Seit dem Start im Sommer 2025 wurden rund 5.000 BPL-Modems und BPL-Signalverstärker in Kabelverteilerschränken und Ortsnetzstationen installiert. In Nürnberg und im Landkreis Ansbach ist die Montage bereits zu 70 Prozent abgeschlossen; im Landkreis Weißenburg-Gunzenhausen ist etwa ein Viertel der vorgesehenen BPL-Technik verbaut. Die BPL-Technik gewährleistet eine sichere und zuverlässige Kommunikation zwischen Smart Meter und Messstellenbetreiber – eine entscheidende Grundlage für die Digitalisierung der Energiewende.

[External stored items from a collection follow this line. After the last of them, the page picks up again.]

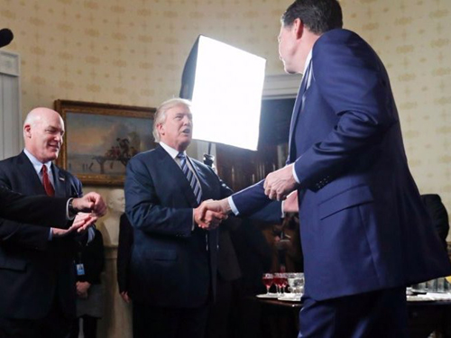 Theo B.I, ngày 22/1, ông Comey nhận một cái ôm và bắt tay từ tân Tổng thống của nước Mỹ Donald Trump. Tròn hai ngày trở thành tổng thống, tại buổi đón tiếp các quan chức của lực lượng thực thi pháp luật và an ninh ở Phòng Xanh Nước biển của Nhà Trắng, ông Trump có màn đón tiếp nồng ấm với ông Comey.
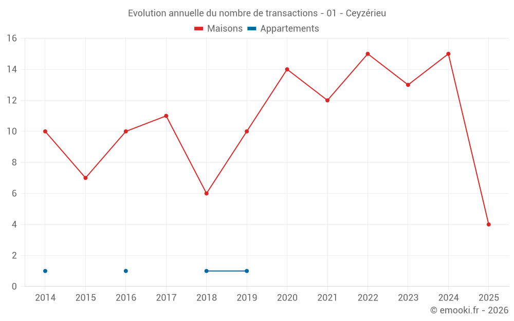 Le prix médian sur les 24 transactions de maisons des 24 derniers mois dans la commune de Ceyzérieu était de 2 166 € par mètre carré pour une valeur foncière médiane de 177 500 €. Sur cette période 60% des transactions se sont situées entre 1 454 et 3 006 € par mètre carré (du 2ème au 8ème déciles).
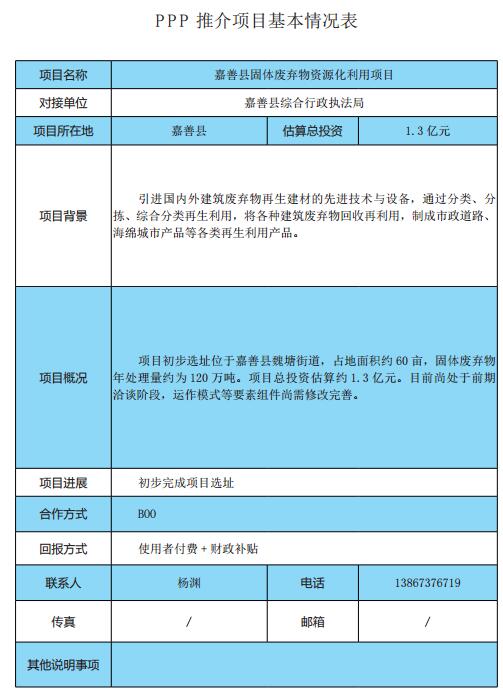 嘉興發(fā)改委發(fā)布2017年嘉興市PPP推介項(xiàng)目匯編。2017年嘉興市推介共95個(gè),總投資766.4億元。涉及、廢棄物處理等5個(gè)。北極星環(huán)保網(wǎng)整理如下:來源:北極星環(huán)保網(wǎng)
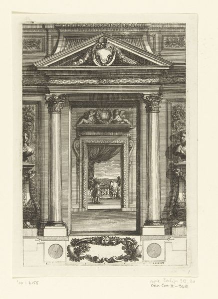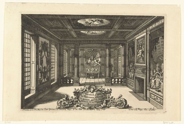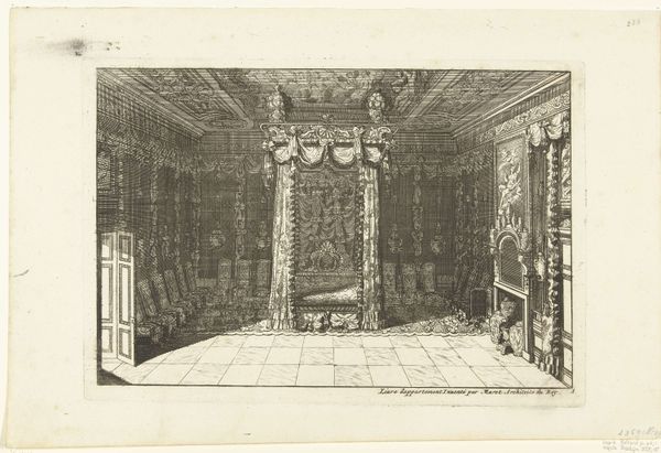This engraving presents an interior with a canopied bed and a chimney, its provenance unknown. The canopied bed, or "lit de parade," was a potent symbol of status and authority. It served not only as a place of rest, but also as a stage for the rituals of courtly life. The arrangement of chairs along the walls, facing inward, invites us to consider the dynamics of power and presence within this room. This arrangement echoes the seating arrangements found in ancient Roman senates, a motif later revived during the Renaissance, suggesting a lineage of authority. The bed, with its elaborate canopy, becomes a throne-like emblem. Consider how such a symbol transcends its immediate context. The motif of the canopied space recurs throughout history, from religious canopies to royal baldachins. In each instance, it marks a space of reverence, a point of convergence where power, faith, and the human psyche intersect. Like a recurring dream, this motif resurfaces, bearing the weight of history while adapting to new cultural landscapes.
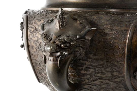 JAPANESE BRONZE JARDINIÈRE, Meiji (1868-1912), cast with cranes and jungle fowl in panels, and with handles formed as mythical beasts, signed, 32 (h) x 43cms (w), 30cms (top diam.)Provenance: private collection Flintshire
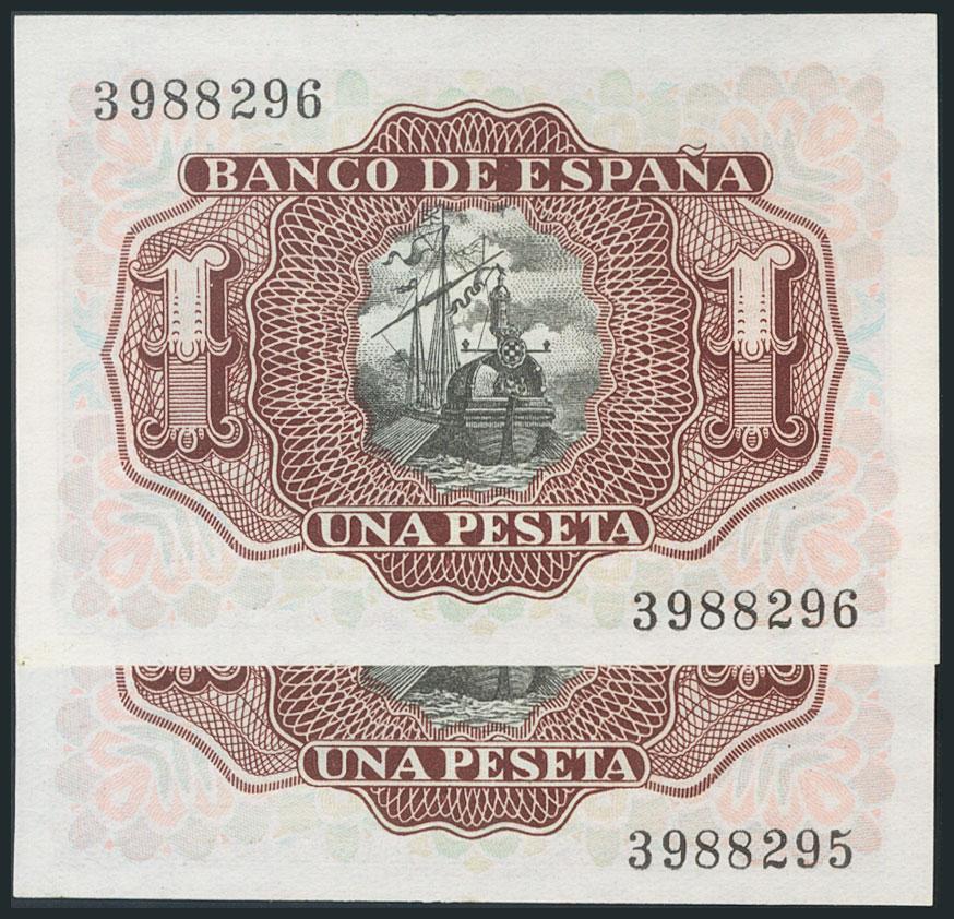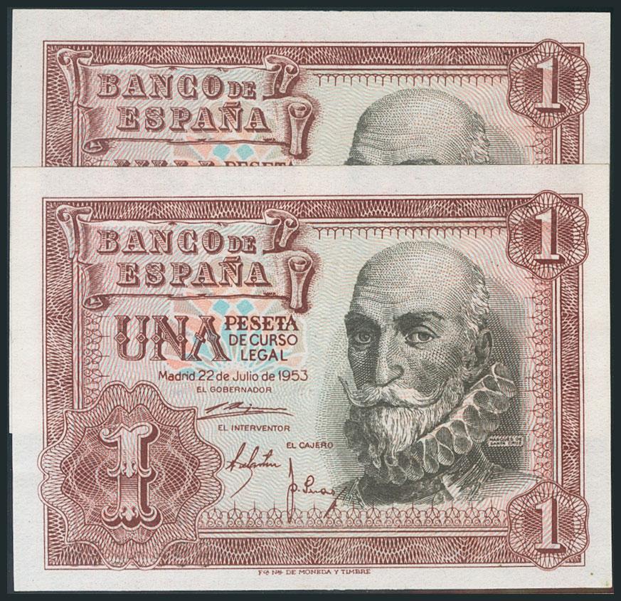 1 Peseta. 22 de Julio de 1953. Pareja correlativa. Sin serie. (Edifil 2017: 465). SC-.
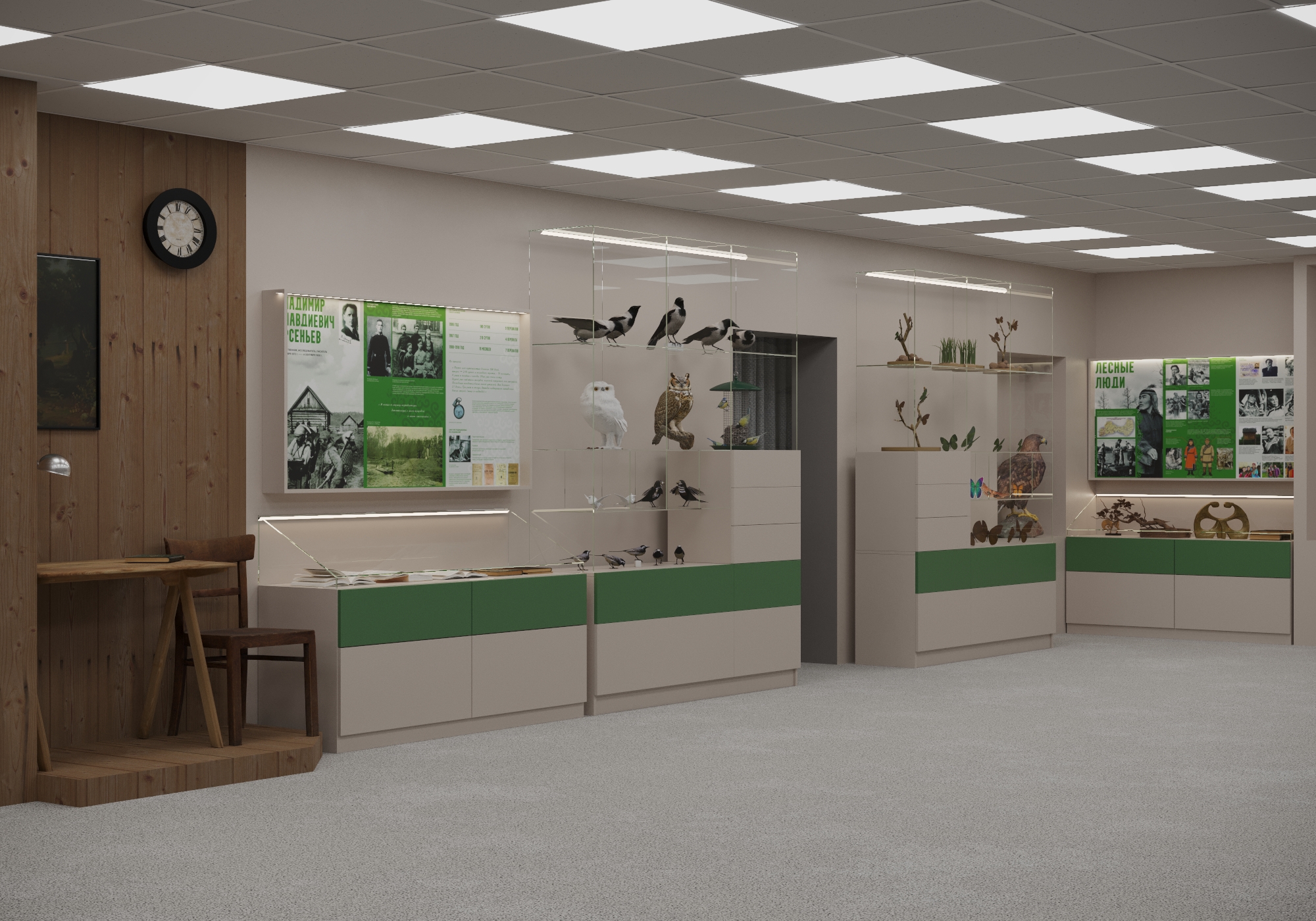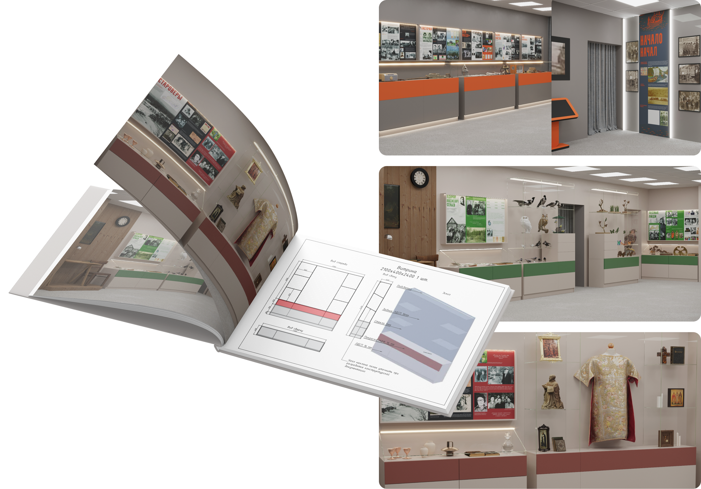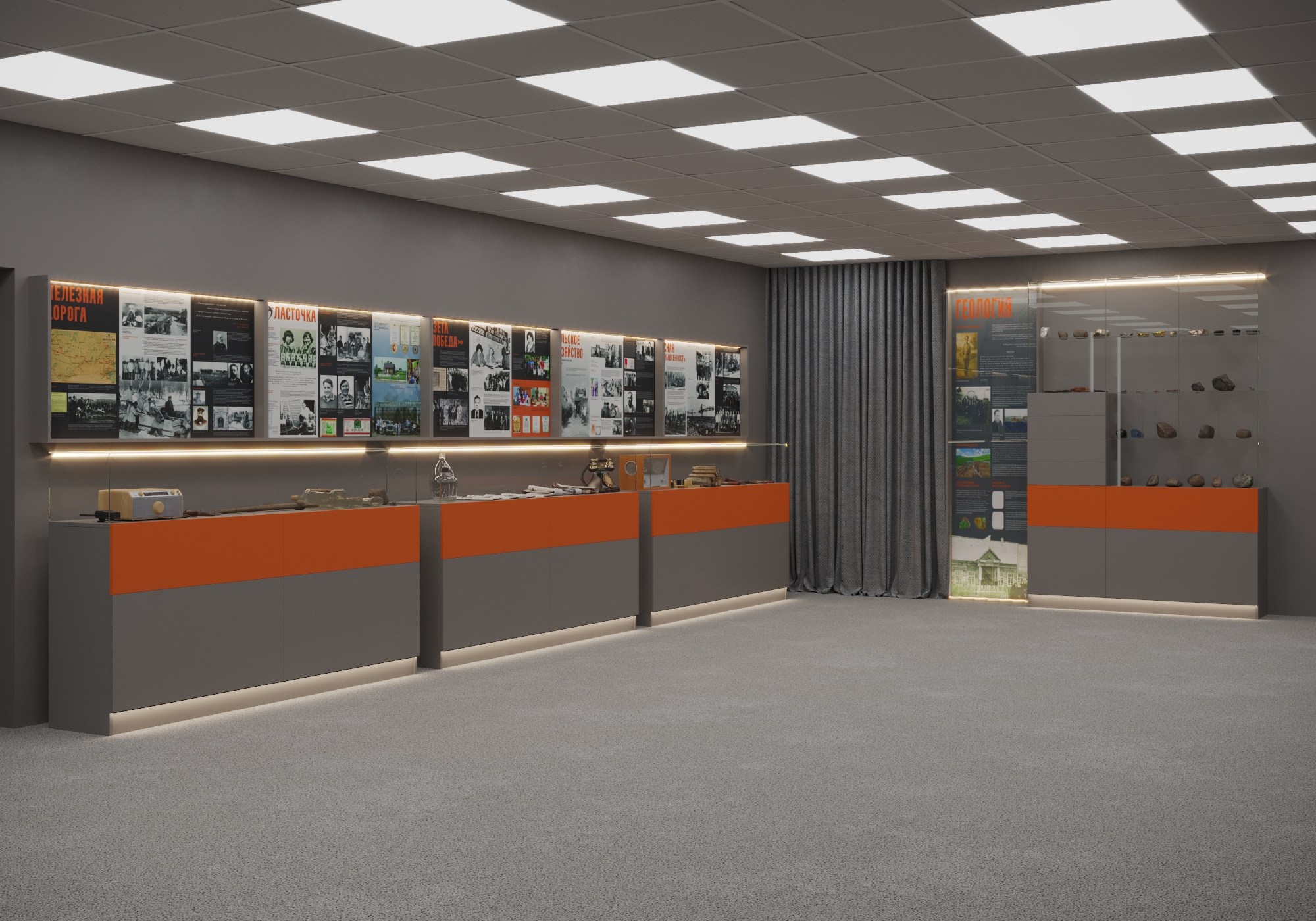 - Витрины и стенды спроектированы так, чтобы музей мог обновляться без полной переделки оборудования.

Regionaler Fokus beim Rollout

Nun folgt die Montage der Smart Meter bevorzugt in den genannten Landkreisen. Die N-ERGIE Netz GmbH konzentriert sich zunächst auf Netzregionen, in denen besonders viele Photovoltaik (PV)-Anlagen auf Hausdächern installiert sind, was die Stromnetze stark beansprucht. Smart Meter erlauben den Netzbetreibern in Kombination mit Steuerboxen zum Beispiel PV-Anlagen zu steuern. Das ist eine gesetzliche Vorgabe, die seit Februar 2025 für alle PV-Anlagen mit einer installierten Leistung über 7 Kilowatt gilt.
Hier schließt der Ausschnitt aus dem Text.